BEGIN Dataset extract

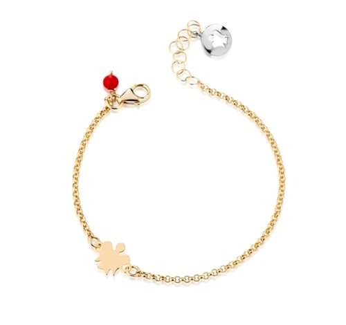 BRACCILE BIMBO/A CON ANGELO IN ORO GIALLO E CORALLO ROSSO CHARM LUNGHEZZA BRACCIALE 14/16 CM ANGELO: BASE 0,7 CM - ALTEZZA 0,8 CM DIAMETRO CORALLO 3 MM
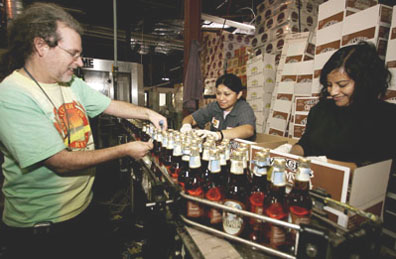 bottles at his bottling plant in Los
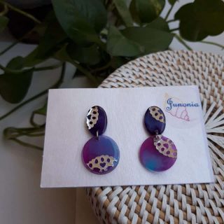 Random shape magenta earrings, the color flowing like flower veins with a touch of gold paper
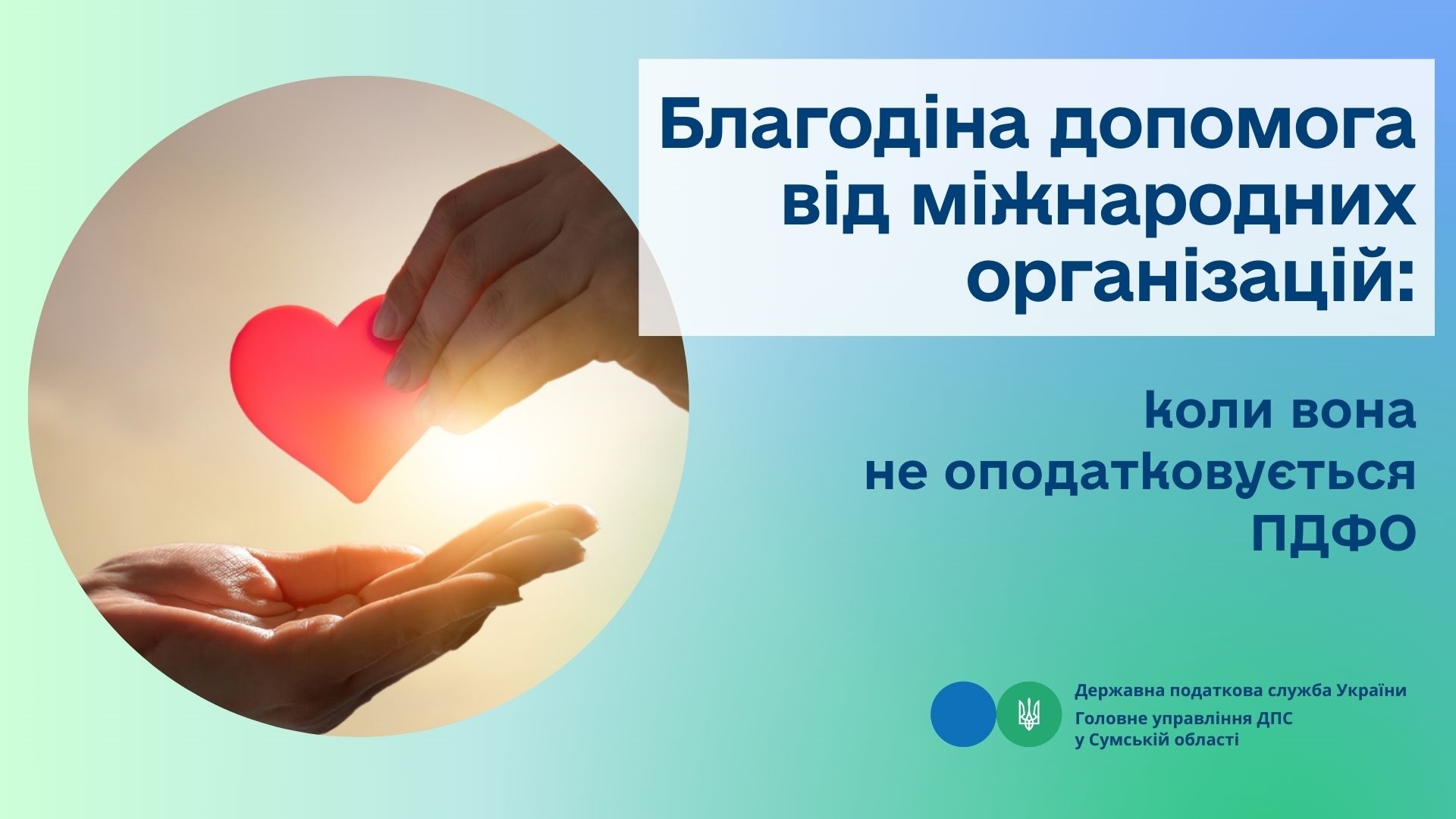 Головне управління ДПС у Сумській області нагадує, що відповідно до підпункту 165.1.56 пункту 165.1 статті 165 ПКУ сума (вартість) благодійної допомоги, яка виплачена (надана) міжнародними благодійними організаціями (їх філіями, представництвами), перелік яких визначається Кабінетом Міністрів України, на користь:
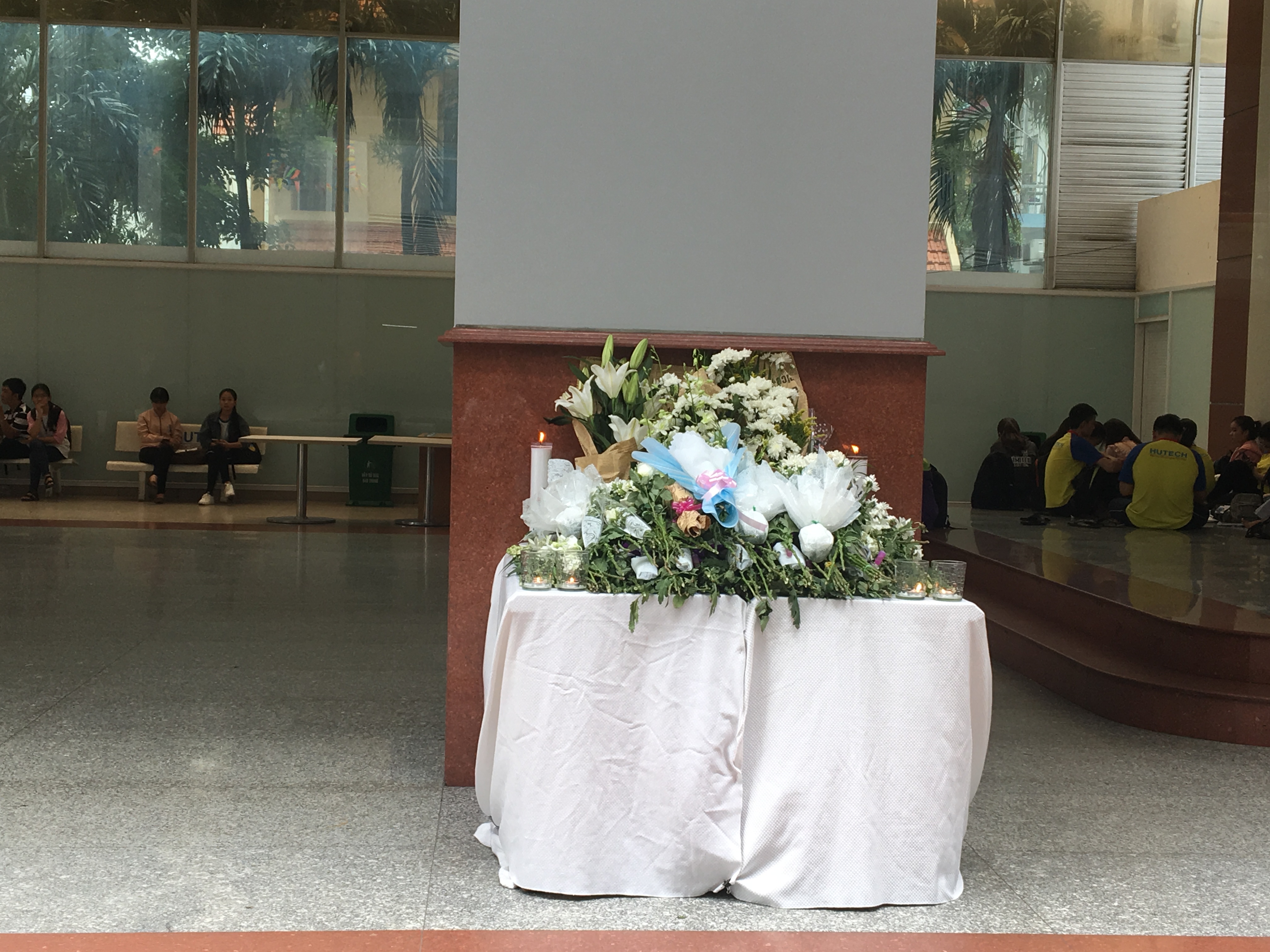 Gia đình cho biết, phía nhà trường đã cử khá nhiều người đến phụ lo hậu sự cho Long. Các thầy cô trong Ban giám hiệu cũng có mặt từ sáng sớm nay để viếng nam sinh xấu số. Ở sân trường Hutech, nơi Long gặp tai nạn, nhà trường, các bạn sinh viên cũng đặt bàn hoa tưởng nhớ chàng sinh viên năm 3.

END Dataset extract

[Task prompt] Output exactly the lines from the line with "bottles at his bottling plant in Los" to the last line of the records, including both, and leave every picture out.

[Answer section]
 bottles at his bottling plant in Los
 Random shape magenta earrings, the color flowing like flower veins with a touch of gold paper
 Головне управління ДПС у Сумській області нагадує, що відповідно до підпункту 165.1.56 пункту 165.1 статті 165 ПКУ сума (вартість) благодійної допомоги, яка виплачена (надана) міжнародними благодійними організаціями (їх філіями, представництвами), перелік яких визначається Кабінетом Міністрів України, на користь:
 Gia đình cho biết, phía nhà trường đã cử khá nhiều người đến phụ lo hậu sự cho Long. Các thầy cô trong Ban giám hiệu cũng có mặt từ sáng sớm nay để viếng nam sinh xấu số. Ở sân trường Hutech, nơi Long gặp tai nạn, nhà trường, các bạn sinh viên cũng đặt bàn hoa tưởng nhớ chàng sinh viên năm 3.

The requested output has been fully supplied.